We show that our DiverseMotion achieves the state-of-the-art motion quality and competitive motion diversity.
- Score: 70.33381660741861
- License: http://creativecommons.org/licenses/by/4.0/
- Abstract: We present DiverseMotion, a new approach for synthesizing high-quality human
motions conditioned on textual descriptions while preserving motion
diversity.Despite the recent significant process in text-based human motion
generation,existing methods often prioritize fitting training motions at the
expense of action diversity. Consequently, striking a balance between motion
quality and diversity remains an unresolved challenge. This problem is
compounded by two key factors: 1) the lack of diversity in motion-caption pairs
in existing benchmarks and 2) the unilateral and biased semantic understanding
of the text prompt, focusing primarily on the verb component while neglecting
the nuanced distinctions indicated by other words.In response to the first
issue, we construct a large-scale Wild Motion-Caption dataset (WMC) to extend
the restricted action boundary of existing well-annotated datasets, enabling
the learning of diverse motions through a more extensive range of actions. To
this end, a motion BLIP is trained upon a pretrained vision-language model,
then we automatically generate diverse motion captions for the collected motion
sequences.
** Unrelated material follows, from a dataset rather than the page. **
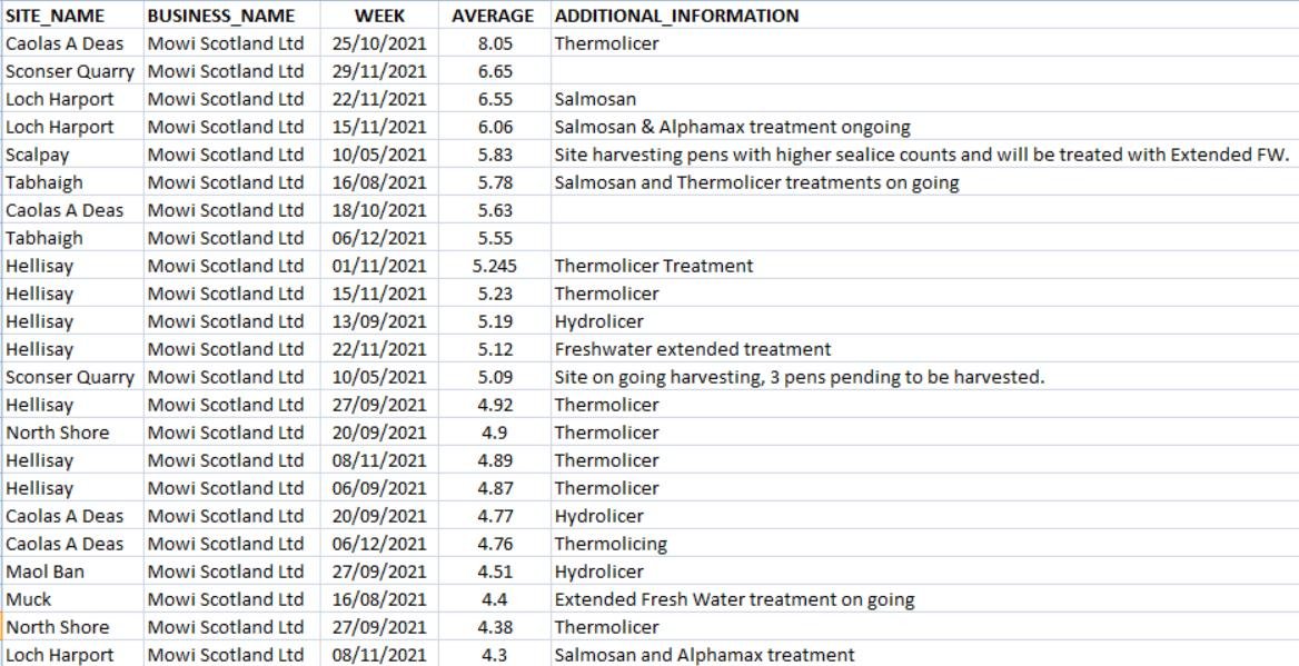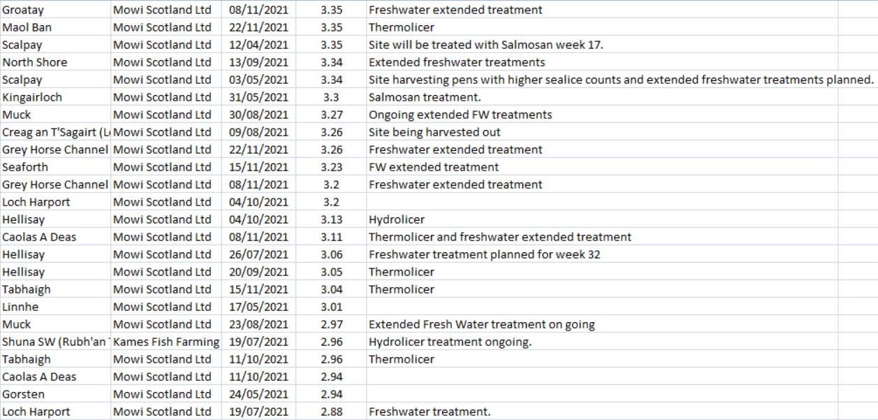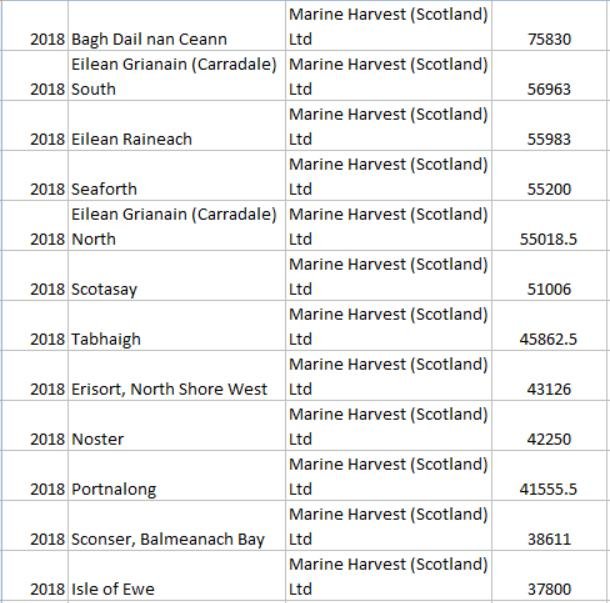 According to the Scottish Government's lice data (published online here), there were 69 cases of Mowi breaching 1 lice per fish at ASC-certified salmon farms (Linnhe, Leven, Marulaig Bay, Stulaigh, Gorsten, Harport, Rum and Invasion Bay) and salmon farms currently being audited by the ASC (Caolas a Deas West and East, Camus Glas, Alsh, Groatay, Grey Horse Channel, Duich, Greanem and Ardintoul). Here's the worst 40:

As a result, we finally build a dataset comprising 8,888 motions
coupled with 141k text.To comprehensively understand the text command, we
propose a Hierarchical Semantic Aggregation (HSA) module to capture the
fine-grained semantics.Finally,we involve the above two designs into an
effective Motion Discrete Diffusion (MDD) framework to strike a balance between
motion quality and diversity. Extensive experiments on HumanML3D and KIT-ML
show that our DiverseMotion achieves the state-of-the-art motion quality and
competitive motion diversity. Dataset, code, and pretrained models will be
released to reproduce all of our results.
Related papers
- MotionGPT-2: A General-Purpose Motion-Language Model for Motion Generation and Understanding [76.30210465222218]
MotionGPT-2 is a unified Large Motion-Language Model (LMLMLM)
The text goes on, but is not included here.